- Goal of the exercise -
Your answer must be the lines from the first one in the material through the line with "Vivid Red Gladiola on Gold", retyped exactly and with no pictures.

- Provided material -

▶

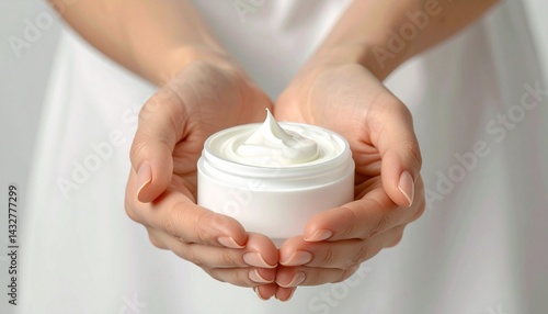 Primer plano de un par de manos jovenes sosteniendo un tarro de crema corporal para conceptos de cudado de la piel y cosmetología
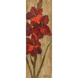 Vivid Red Gladiola on Gold
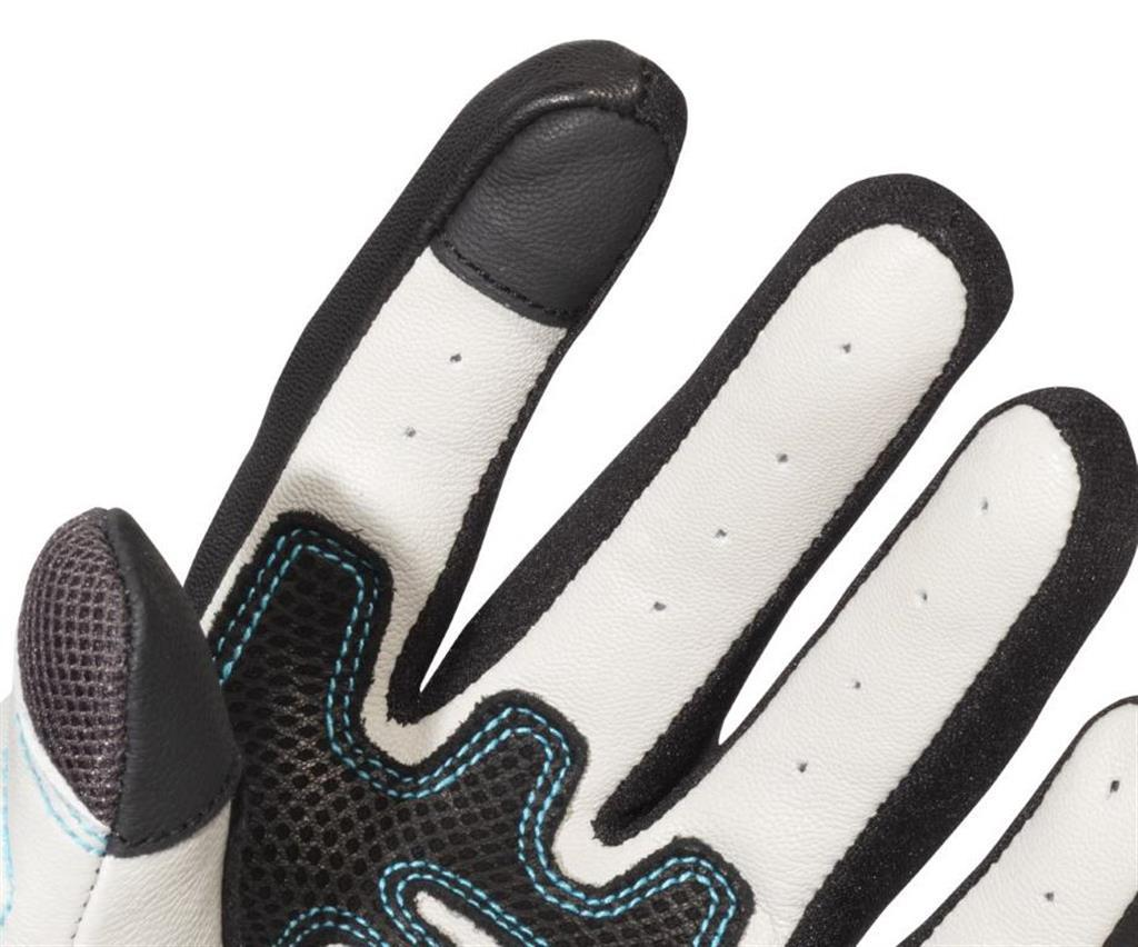 Denna handske i mesh och läder är CE-certifierad till Level 1 KP. Skyddet består av TPU på knogarna, TPR på fingrarna samt memory foam på tummen och en handflata i fullnarvigt dubbelt läder. Handsken har dessutom smart touch-läder på pekfingret, förformade fingrar och en kardborreknäppning – perfekt för sommarmotorcykling.

◀

- Exercise output -
 Primer plano de un par de manos jovenes sosteniendo un tarro de crema corporal para conceptos de cudado de la piel y cosmetología
 Vivid Red Gladiola on Gold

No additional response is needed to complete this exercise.